Sample size calculation
Based on our previous studies, we consider a superiority margin of 20% to be clinically meaningful. Our prior research on the pay-it-forward intervention demonstrated that this approach was superior to the standard-of-care by a 20% margin17,18. To achieve an 80% power to detect a difference between the two arms, 160 participants are needed respectively in the pay-it-forward and standard-of-care arms. The test statistic used is the one-sided Z-test (not pooled). We set the interclass correlation at 0.02 and the significance level of the test was 0.025. The sample size was calculated by PASS 15. Detailed sample size calculation can be found in the study protocol.
Statistical analysis
Descriptive statistics were used to summarize the sociodemographic and behavioral characteristics of the study participants. Continuous variables were presented as means with standard deviations. Categorical variables were presented as frequencies and percentages. Chi-square tests (χ2 tests) were used to compare differences in categorical variables between the two groups, while Student's t-tests or Mann-Whitney U tests were used to compare differences in continuous variables, depending on the normality of the data distribution.
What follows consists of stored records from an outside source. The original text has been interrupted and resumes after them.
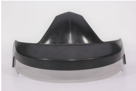
E3) [H3NZN] Injection - peak HP10&MAG-10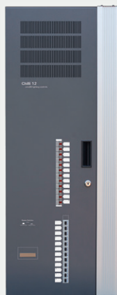
Dimensions: 1000 (H) x 400 (W) x 155mm (D)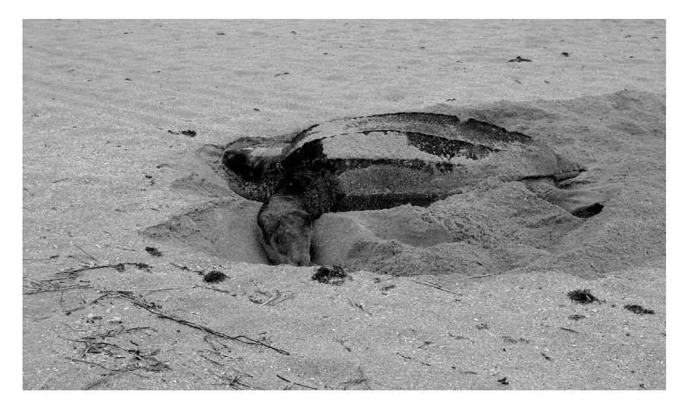
Dark Skies initiatives help a sea turtle at the GTM estuarine. Dark skies will be the topic at our group's meeting in September. See the article on page 2.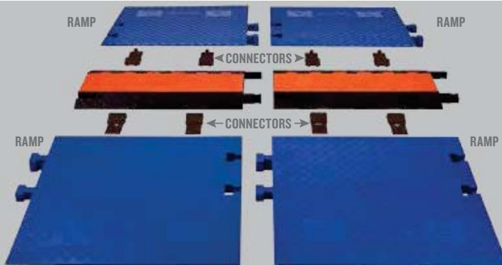
System shown with 2 General Purpose Guard Dogs, 2 pairs of ramps, 8 connectors.

A generalized estimating equation (GEE) model was used to assess the intervention's impact on Mycoplasma testing uptake, adjusting for potential confounding variables. The GEE model estimated the risk ratio, proportion difference, and their two-sides respective 95% confidence intervals for the primary outcome, comparing the pay-it-forward arm to the standard-of-care arm. Subgroup analyses were conducted to examine the intervention's impact stratified by caregiver’s education and income level, study sites, childbirth sex, and clinical symptoms at presentation with the GEE model estimating the risk ratio, proportion difference, and 95% confidence intervals within each subgroup, adjusting for potential confounders. These variables were chosen as they were considered as potential effect modifiers or unbalanced between the two study groups at baseline. All statistical analyses were performed using Stata (Version 17, StataCorp LLC, College Station, TX, USA). The superiority of the pay-it-forward approach was concluded if the lower bound of the 95% CI for the proportion difference was greater than the pre-specified superiority margin of 20%.
Economic evaluation
We assessed the costs of the standard-of-care and pay-it-forward arms using a micro costing approach, with costs reported in USD (1 USD = 7.14 Yuan, 2023). The cost of implementation was estimated by examining invoices and self-reports of wages and time from healthcare providers. The cost items were categorized as fixed (i.e., regardless of the number of tests completed) or variable (i.e., based on the number of tests completed). The financial cost was calculated by subtracting the donation or contribution in each group from the economic cost. The analysis was conducted from the healthcare provider’s perspective (Wuxi CDC). We reported the economic and financial cost per participant tested, the proportion of participants who donated, and the total donation amounts. We conducted the cost analysis using Excel 2019 (Microsoft, USA). Costing file is available in the supplementary file 2.